§ **Activity**
In the entries that follow, repeat exactly the lines from the one that has "6月5日宣 今晚9点乐言将在" through the one that has "同时,《报告》预测五一期间共", but omit pictures.

§ **Excerpted data**
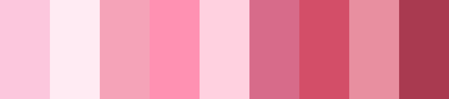 Here’s a color palette based around your specified hex codes #FCC7DD , #FF91B2 , and #D34E68 . Each base color has been paired with a highlight and a shade to create a harmonious palette.
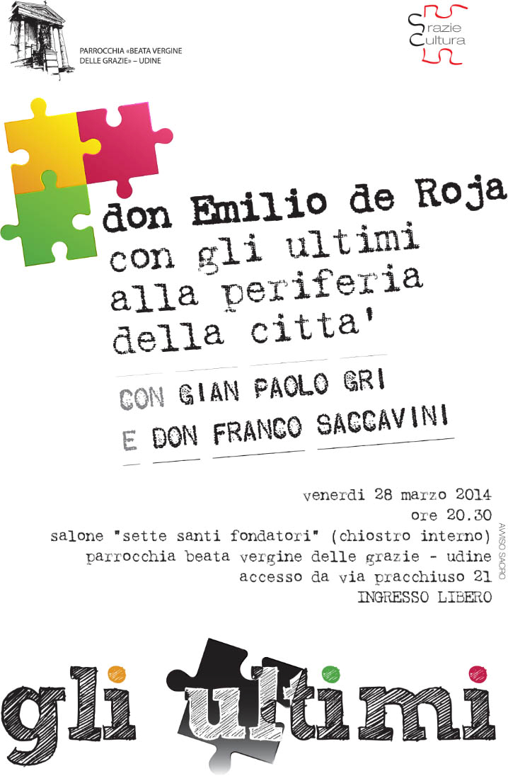 Venerdì 28 marzo 2014, alle ore 20.30 presso la Sala dei Sette Santi Fondatori (interna al chiostro della Basilica “Beata Vergine delle Grazie”, accesso da via Pracchiuso 21) avrà luogo l’incontro “Den Emilio de Roja con gli ultimi, alla periferia della città”. L’appuntamento rientra nell’ambito de “Gli Ultimi”, ciclo di incontri organizzati dall’associazione GrazieCultura.
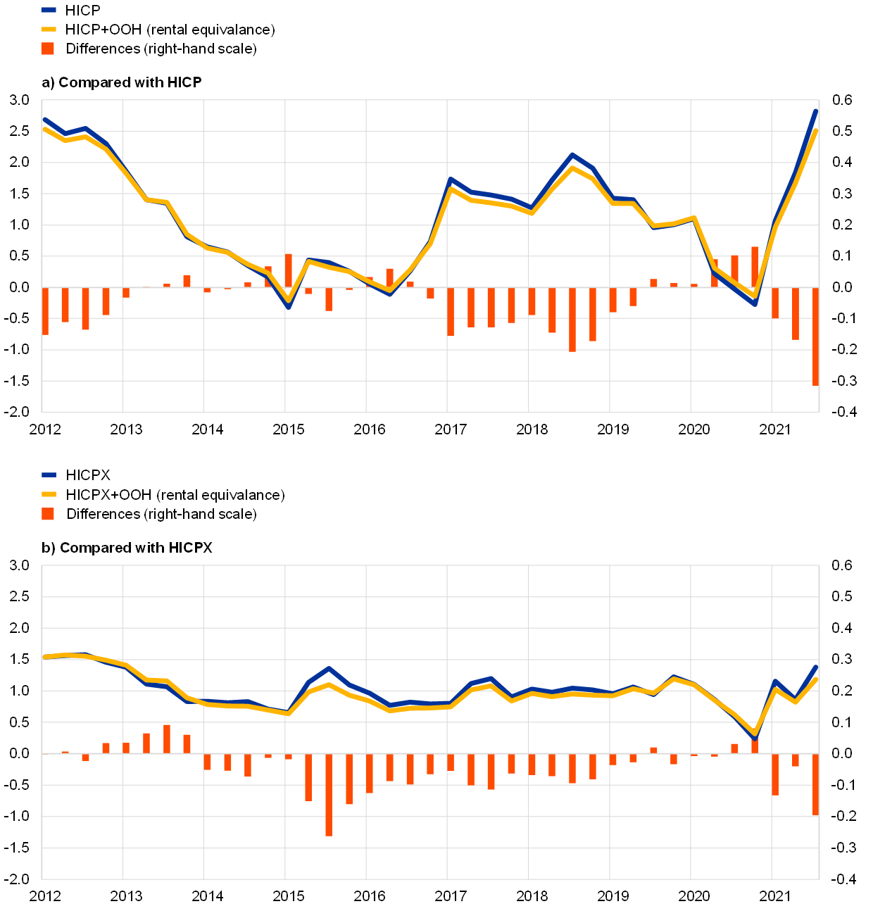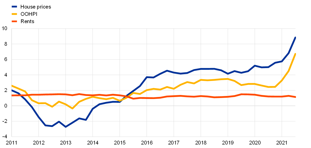 The Governing Council has always been in favour of including OOH in the HICP, but under certain conditions. A broad coverage of household expenditure in the headline inflation measure better represents the inflation rate that is relevant for households. However, the integration of price changes for OOH into the HICP requires OOHPIs to be brought into line with HICP standards. The Governing Council has argued that the full integration of OOH price changes into HICPs might adversely affect their reporting frequency and timeliness: OOH price indices are currently published once a quarter with a delay of around 100 days, whereas the full set of HICP data is published at monthly frequency with a delay of around two weeks.[12] Moreover, in principle, the HICP should capture changes in prices of consumer goods and services rather than changes in asset prices. However, an owner-occupied residential property is not only a consumption good, but also an asset that both serves as a store of wealth and provides a flow of consumable housing services. OOHPIs include such an asset component. Hence, the partial inclusion of asset price developments via OOHPIs in the HICP might be problematic.
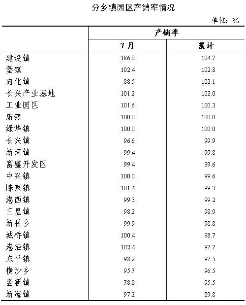 全县21个乡镇及园区中,除新海镇外,其余乡镇园区的累计产销率均在90%以上,产销衔接处于较高水平。累计产销率略低的新海镇,主要是由于上海信谊百路达药业有限公司8月份即将停产进行设备检修,企业为满足今后的销售需求,7月份加快生产进度、产值显著增长,由此造成企业产销率偏低。以上情况属于企业经营的正常波动,而非产品不良的库存积压。
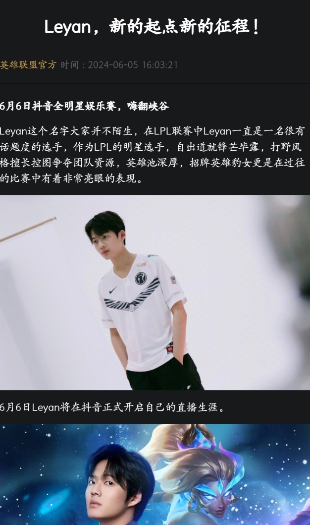 6月5日宣 今晚9点乐言将在抖音开启全明星娱乐赛,作为多次在LPL缴纳罚金的选手,本次直播可谓牌面拉满,LOL官网为其宣传!
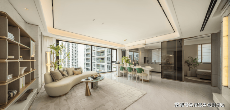 而LDKB一体化设计,则让横厅从“观景与社交空间”升级为“家庭交互核心”:厨房与横厅通过推拉门衔接,开门时,烹饪区与客餐厅形成“动线无界”的整体——厨房备餐时,能随时关注到客厅动向;朋友聚会时,烹饪者无需孤立在厨房,可同步参与客厅的互动;闭合又能有效隔绝油烟与噪音,兼顾“互动需求”与“场域私密”。
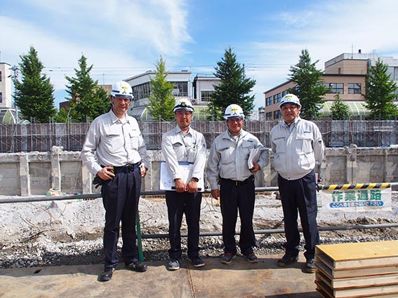 最後に向かったのは今回唯一の建築現場で「滝川再開発金融棟」です。田端本堂カンパニー・笹木産業との共同企業体で、旧滝川名店ビルを解体し、北門信用金庫が本店として利用するオフィスビルを新築する、建築物等整備事業の第2期工事です。
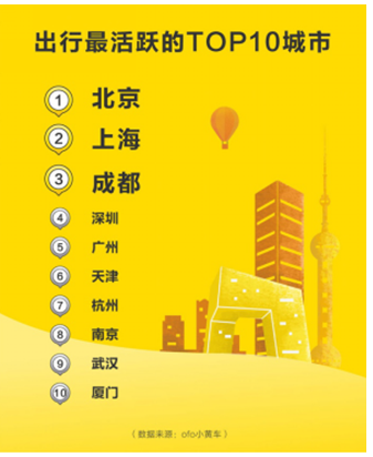 同时,《报告》预测五一期间共享单车出行最活跃的10座城市,依次为北京、上海、成都、深圳、广州、天津、杭州、南京、武汉、厦门。成都将超越广州、深圳,成为共享单车出行最活跃的第三大城市。
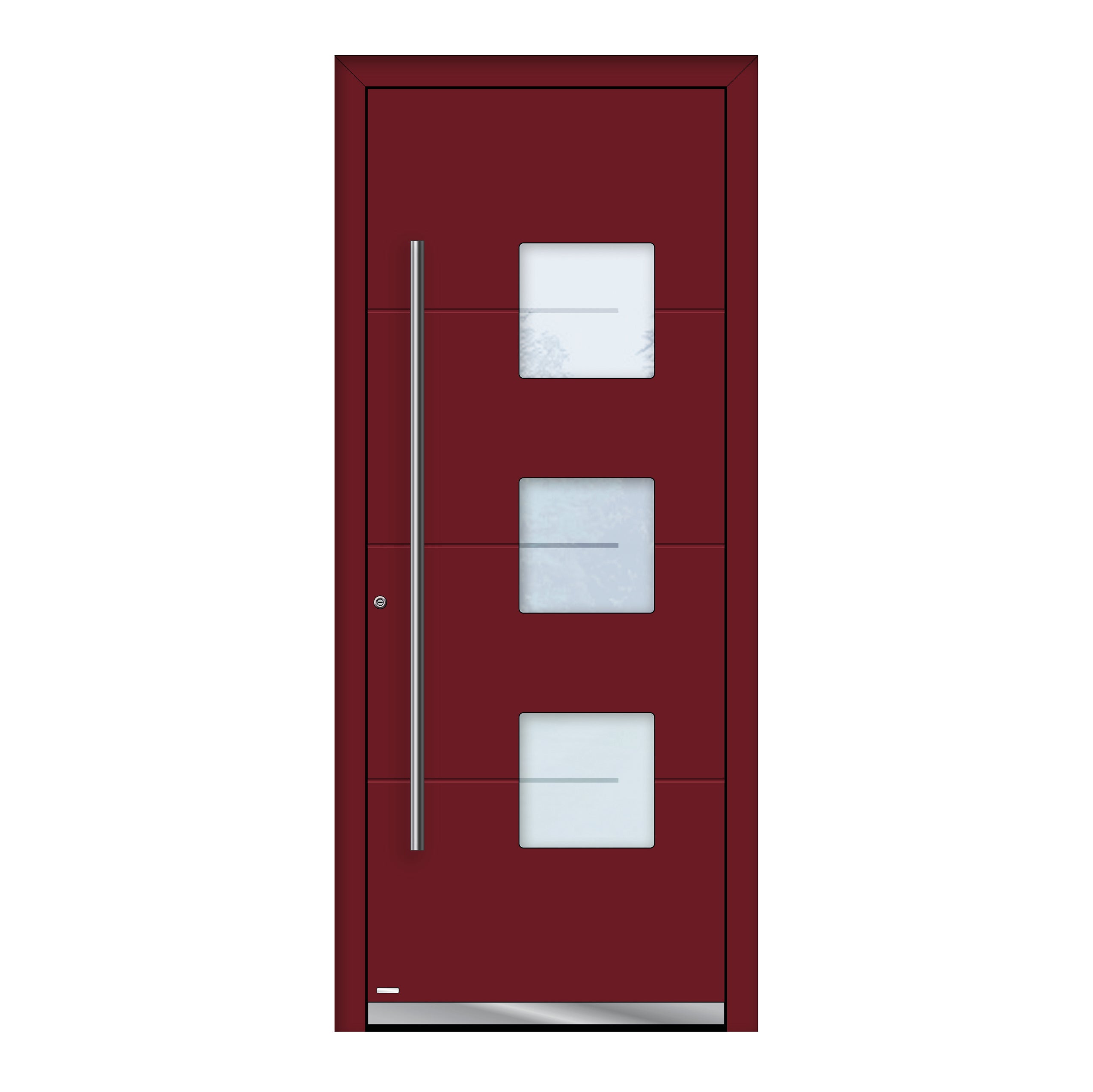 Questa combinazione gioiosa e giocosa data da tre finestrelle quadrate arricchisce una casa di per sé già felice. Per i giovani di spirito. L'elegante maniglione in acciaio inossidabile non fa altro che esaltarne lo splendore.. Porte di sicurezza solide per case, appartamenti, uffici e altro.. Questo è il settore di competenza in cui le porte Aurum brillano. Il loro spessore è addirittura di 8,7 cm, il che non offre solo una piacevole sensazione di sicurezza ma anche un'elevata protezione alle variazioni di temperatura.. Grazie all'incredibile isolamento termico Aurum si posiziona tra le porte adatte a case a basso consumo energetico. Il livello di sicurezza viene ulteriormente aumentato dalla serratura a tre punti con tre solidi ganci.. La robusta struttura in acciaio non richiede manutenzione per i prossimi decenni. È composta da profili in alluminio a 3 guarnizioni montati in modo impeccabile che creano un solido blocco monolitico.

§ **Reply**
 6月5日宣 今晚9点乐言将在抖音开启全明星娱乐赛,作为多次在LPL缴纳罚金的选手,本次直播可谓牌面拉满,LOL官网为其宣传!
 而LDKB一体化设计,则让横厅从“观景与社交空间”升级为“家庭交互核心”:厨房与横厅通过推拉门衔接,开门时,烹饪区与客餐厅形成“动线无界”的整体——厨房备餐时,能随时关注到客厅动向;朋友聚会时,烹饪者无需孤立在厨房,可同步参与客厅的互动;闭合又能有效隔绝油烟与噪音,兼顾“互动需求”与“场域私密”。
 最後に向かったのは今回唯一の建築現場で「滝川再開発金融棟」です。田端本堂カンパニー・笹木産業との共同企業体で、旧滝川名店ビルを解体し、北門信用金庫が本店として利用するオフィスビルを新築する、建築物等整備事業の第2期工事です。
 同时,《报告》预测五一期间共享单车出行最活跃的10座城市,依次为北京、上海、成都、深圳、广州、天津、杭州、南京、武汉、厦门。成都将超越广州、深圳,成为共享单车出行最活跃的第三大城市。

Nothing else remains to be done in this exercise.